POV: A Civil War soldier’s story

Leonard Lasher’s grave is located in the Elmwood Cemetery in Selkirk.

Leonard Lasher’s grave is located in the Elmwood Cemetery in Selkirk.

The author is a historian and author who graduated from Bethlehem Central High School in 1979. A lifelong student of history, he has authored several books and published many articles on historical topics. His latest book, “The Civil War Memoir of William T. Levey,” is available from the Northshire Press.

A rare document that recalls the military service of a Civil War soldier from the town of Bethlehem was recently discovered for sale on an online auction website.

The document, an officer’s commission dated June 1, 1864, appointed Bethlehem resident Leonard Lasher to serve as a Second Lieutenant in the 43rd New York Volunteer Infantry. The document was signed by New York Governor Horatio Seymour and was purchased by a private collector.

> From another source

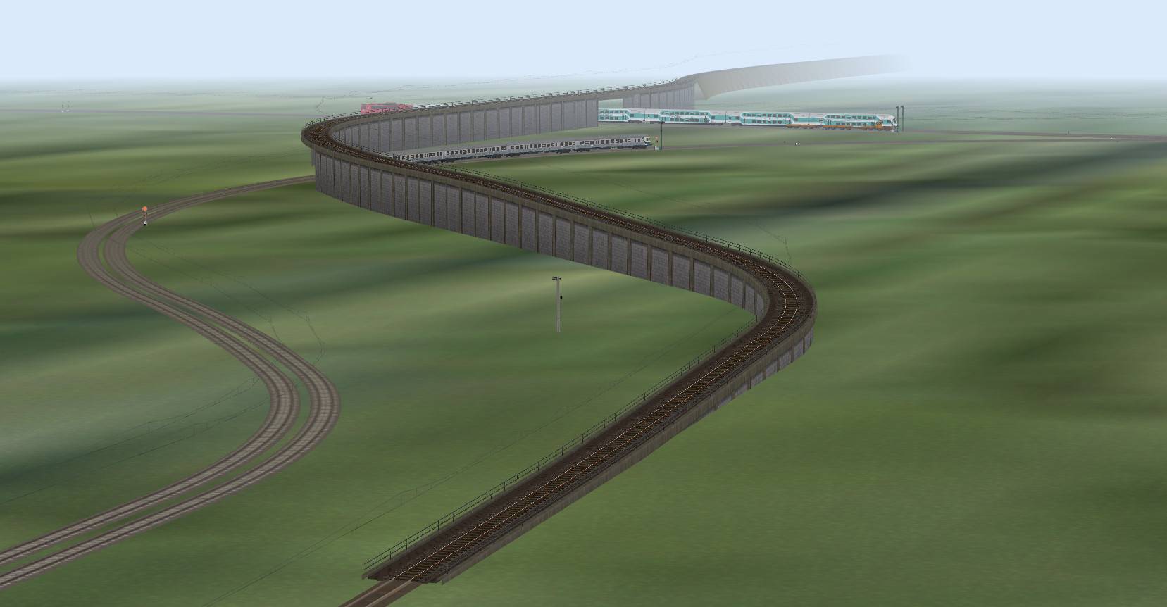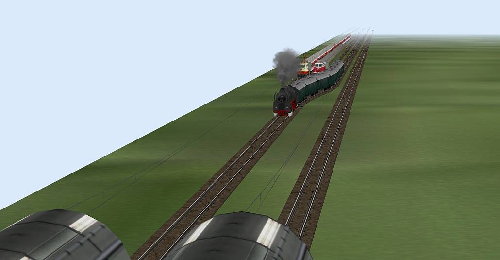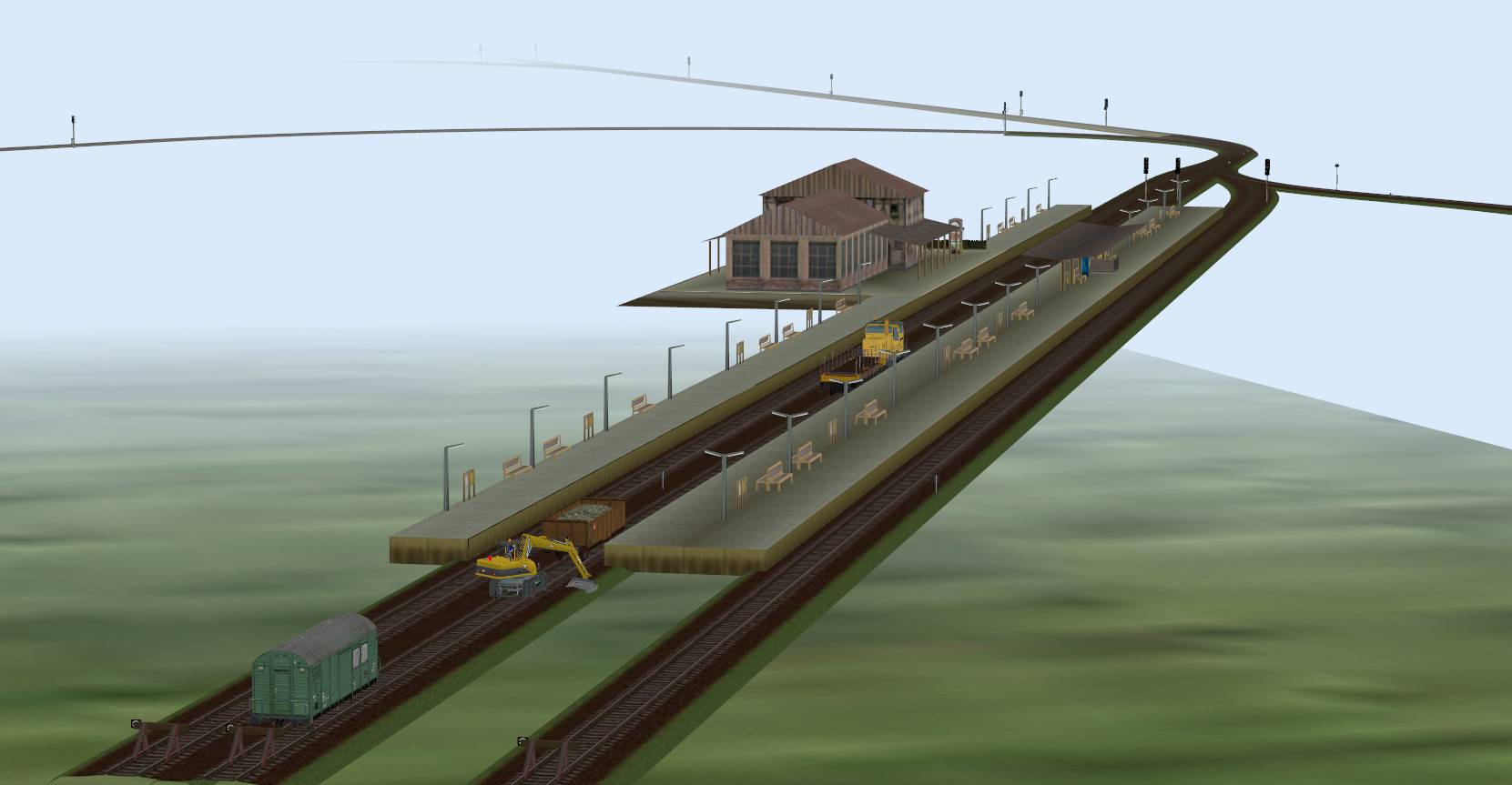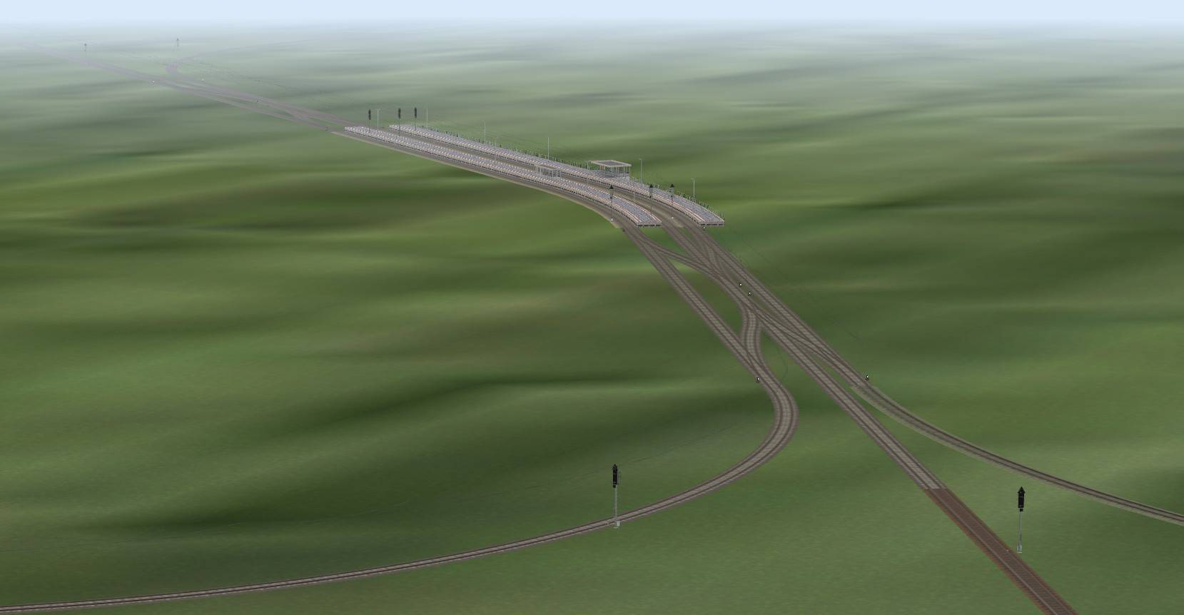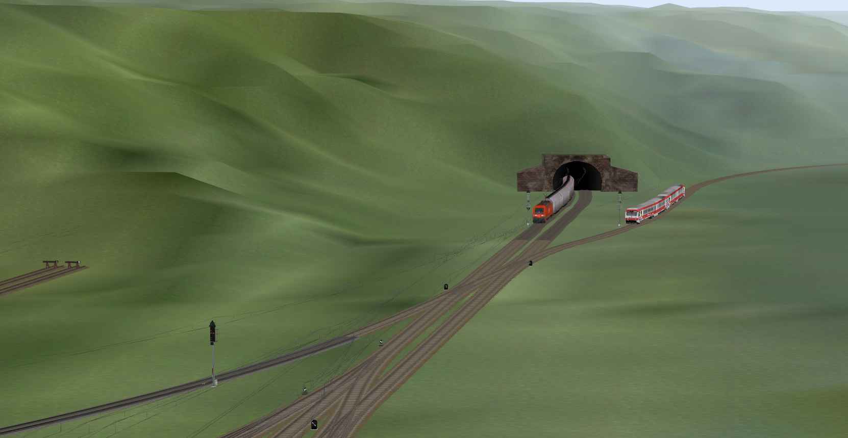 Erstmal verwende ich für den Wendezugbetrieb wieder das Standard-EEP-Verfahren. Ich lasse diesmal die Züge mit höherer Geschwindigkeit in den Signalbereich

Leonard Lasher was born in 1845, and his parents were Anthony and Anna (Litchfield) Lasher. When the 43rd New York was recruiting volunteers in the summer of 1862, Lasher enrolled to serve three years. Although the military records list his age as 21, he was actually only 17 when he enlisted.

He had an interesting, if convoluted, career with the famed 43rd New York, a regiment known as “The Albany Rifles.” Lasher was initially made a Sergeant in Company H of the Regiment shortly following his enlistment in the fall of 1862, but was later returned to the ranks and made a Corporal. He was not promoted back to non-commissioned rank until early in 1864, but then lost the Sergeant’s promotion again when his company of the regiment the 43rd was consolidated with another unit.

On June 1, 1864, Governor Seymour signed his commission as Second Lieutenant, but Lasher never served in that rank. He was put on the rolls of another regiment, the 59th New York Infantry, in December 1864, but never joined the unit. This may have been a bureaucratic courtesy to allow for the award of his commission.